→ **Instructions for the task**: Below, some lines carry pictures; leave those pictures out and retype exactly the lines from the one with "お花を生けているのは、シンプルなセラミック風のフラワーボトル。" through the one with "Риза изготавливается методом".

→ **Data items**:
____________________

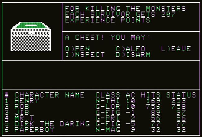 » [Apple II] Adventurers should be wary of opening chests: some of them are secured by traps that need to be disarmed.
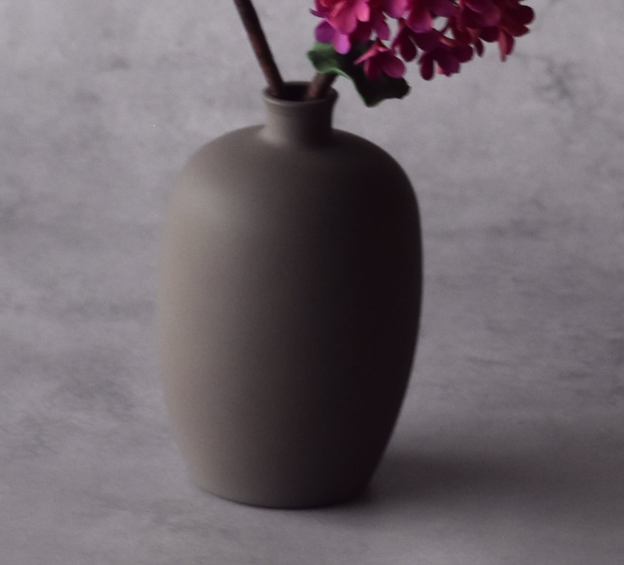 お花を生けているのは、シンプルなセラミック風のフラワーボトル。
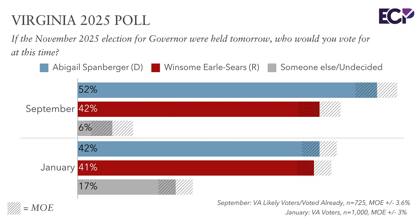 While there has been a lot of chatter online, if these candidates have what it takes to win, looking at polling data allows us to paint a better picture to see how their constituents are responding to the race in real time. Polling across both gubernatorial races shows Democrats holding steady but competitive leads as affordability dominates voter concerns. In Virginia, recent surveys from Emerson College and the VCU Wilder School place Abigail Spanberger ahead of Winsome Earle-Sears by 7 to 10 points, with Spanberger outperforming among independents (+11), younger voters, and suburban men — groups that helped propel Glenn Youngkin’s 2021 victory.
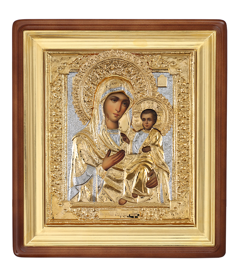 Риза изготавливается методом гальванопластики. В связи с техпроцессом габариты и вес изделия могут отличаться. Икона написана на МДФ покрытой левкасом. Риза изготовлена из меди, покрыта никелем и гальваническим золотом (комбинированное золочение).
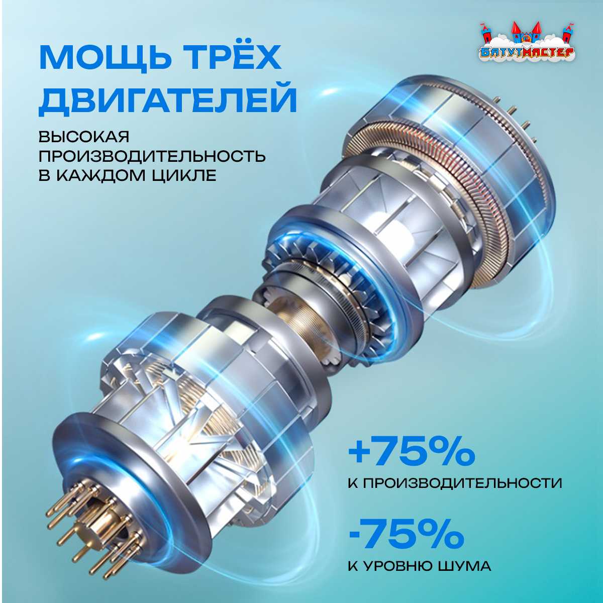 - Тишина и комфорт — уровень шума на 75% ниже, чем у аналогов.
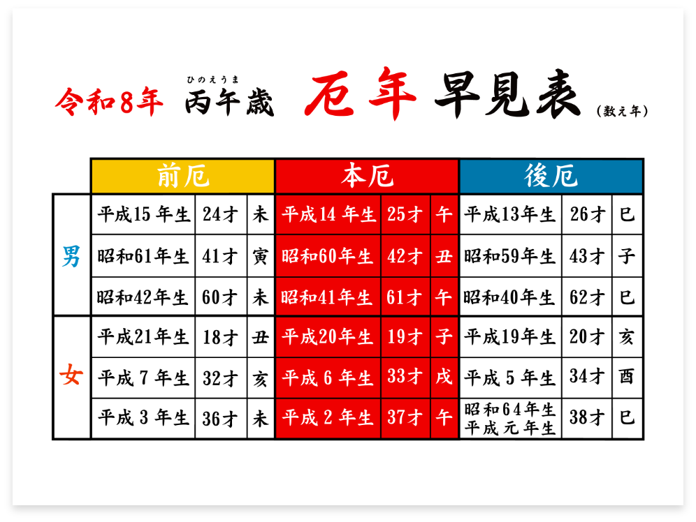 人には厄年があり、その前の年を前厄、後の年を後厄と申し、
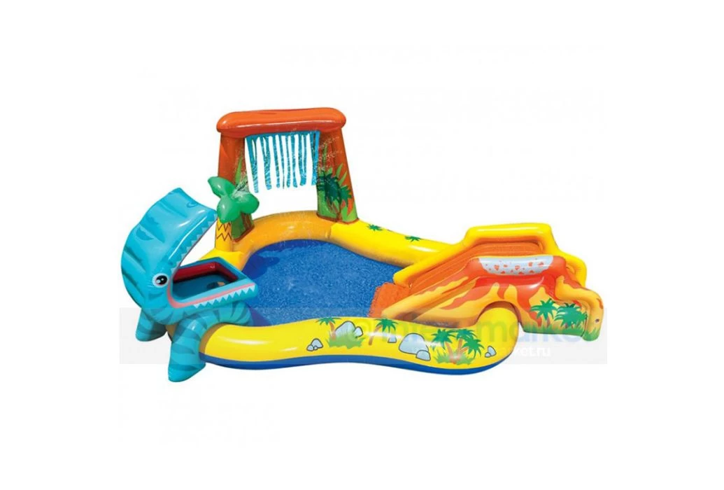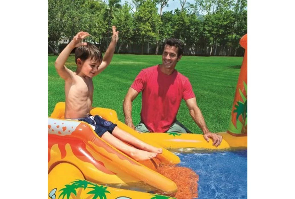 Het dinosaurus speelcentrum bestaat uit een dinosaurus, een palmboom waterval en een glijbaan. Het zwembad is eenvoudig op te zetten en is aan te sluiten op een tuinslang.
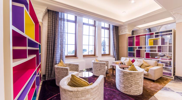 Просторные и элегантные двухуровневые номера категории "люкс", расположенные в главном здании отеля, подарят вам незабываемый вид на Черное море, бассейн и парк. Просторные ванные комнаты, расположенные на обоих этажах люкса, делают его идеальным местом для пребывания семьи с детьми, останавливающейся на длительное время.

____________________

→ **Exercise response**:
 お花を生けているのは、シンプルなセラミック風のフラワーボトル。
 While there has been a lot of chatter online, if these candidates have what it takes to win, looking at polling data allows us to paint a better picture to see how their constituents are responding to the race in real time. Polling across both gubernatorial races shows Democrats holding steady but competitive leads as affordability dominates voter concerns. In Virginia, recent surveys from Emerson College and the VCU Wilder School place Abigail Spanberger ahead of Winsome Earle-Sears by 7 to 10 points, with Spanberger outperforming among independents (+11), younger voters, and suburban men — groups that helped propel Glenn Youngkin’s 2021 victory.
 Риза изготавливается методом гальванопластики. В связи с техпроцессом габариты и вес изделия могут отличаться. Икона написана на МДФ покрытой левкасом. Риза изготовлена из меди, покрыта никелем и гальваническим золотом (комбинированное золочение).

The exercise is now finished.